Differential Expression of MicroRNAs in Tissues and Plasma Co-exists as a Biomarker for Pancreatic Cancer.

OBJECTIVE Pancreatic cancer (PC) is a lethal disease with disappointing results from current treatment modalities, suggesting that novel therapeutic strategies are urgently needed. Since microRNAs (miRNAs) are important player in biology, the clinical utility of miRNAs for designing novel therapeutics is an active area of research. The objective of the present study was to examine differentially expressed miRNAs between normal and tumor tissues, and in plasma samples obtained from PC patients, chronic pancreatitis (CP) patients and healthy subjects (HC).
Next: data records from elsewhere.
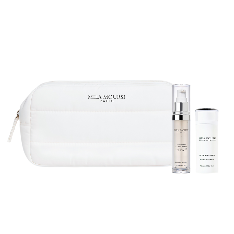 Этот эксклюзивный набор средств для ухода за кожей включает интенсивную сыворотку с био-пептидным комплексом (30 мл), которая стимулирует выработку коллагена, укрепляет структуру кожи, повышает её упругость и эластичность, а также придаёт мгновенное сияние, и увлажняющий лифтинг-тоник (50 мл), подготавливающий кожу к нанесению сыворотки, усиливающий эффект основного ухода, обеспечивающий длительное увлажнение и улучшение тонуса кожи; в комплекте стильная белая нейлоновая косметичка для удобного хранения средств.
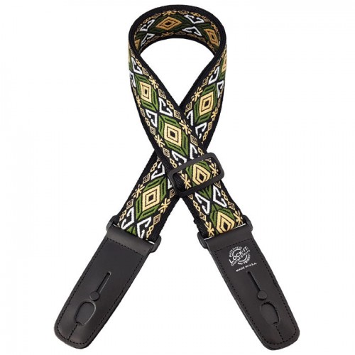 Lock-It Straps woven jacquard Retro series. All straps are 2″ wide soft hand jacquard material with a smooth high quality nylon backing and adorned with the patented and brilliant Lock-It strap locking system. No Guitar mods and a minimalist design sewn into a top class leather end. Straps extend to an extra long 62″ in max length.
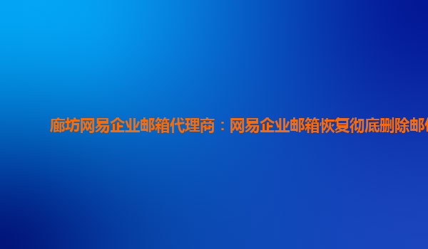 2024-06-13廊坊網易企業郵箱代理商:網易企業郵箱恢復徹底刪除郵件 作為一名專業的網易企業郵箱代理商,我們深知在工作中不小心刪除了重要的郵件是多么的慚愧和無奈。放心,網易企業郵箱擁有強大的郵件恢復功能,可以幫你找回...
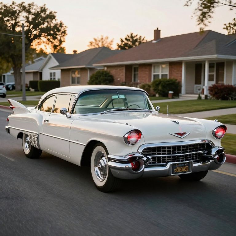 Vintage 1959 Cadillac Miller Meteor Sentinel in pristine condition, gleaming white body with red emergency lights, driving through a mid-century American suburban neighborhood during golden hour, detailed reflections, nostalgic and atmospheric style
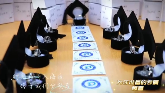 学校领导为20级毕业生揭幕“惊喜礼物”,该礼物是智能工程学院为毕业生们定制的专属毕业纪念戒指,戒圈外侧印有校徽及校名字样,戒圈内侧刻有毕业生姓名、学号。行有所戒,情有所指,这一枚戒指,饱含着智能工程学院对20级学子的勉励,希望他们在未来的人生旅程上,能够戒骄戒躁、戒去浮华、戒去伪饰,朝着信念所指、使命所指、梦想所指的远大目标,奋勇前进,不辞江阔山高,敢与日月争辉!

MATERIAL AND METHODS The miRNA expression profiling using formalin-fixed paraffin embedded (FFPE) tissues from normal and tumor specimens was accomplished using miRBase version 19 (LC Sciences, Houston, TX, USA). Quantitative real-time PCR (qRT-PCR) was subsequently performed in individual samples for 7 selected miRNAs. In addition, qRT-PCR was also performed for assessing the expression of 8 selected miRNAs in plasma samples. RESULTS A significant difference in the expressions of miR-21, miR-205, miR-155, miR-31, miR-203, miR-214 and miR-129-2 were found in tumor tissue samples. Lower expression of miR-214 was found to be associated with better overall survival. We also observed differential expression of 8 miRNAs in plasma samples of CP and PC patients compared to HC. Interestingly, over expression of miR-21, and miR-31 was noted in both tumor tissues and in the plasma. CONCLUSION We found deregulated expression of miRNAs that could distinguish normal from PC in two different types of samples (tissues and plasma). Interestingly, lower expression of miR-214 was found to be associated with better overall survival. Although not statistically significant, we also observed higher expression of let-7a and lower expression of miR-508 to be associated with overall better survival. We conclude that our study nicely lays the foundation for detailed future investigations for assessing the role of these miRNAs in the pathology of pancreatic cancer.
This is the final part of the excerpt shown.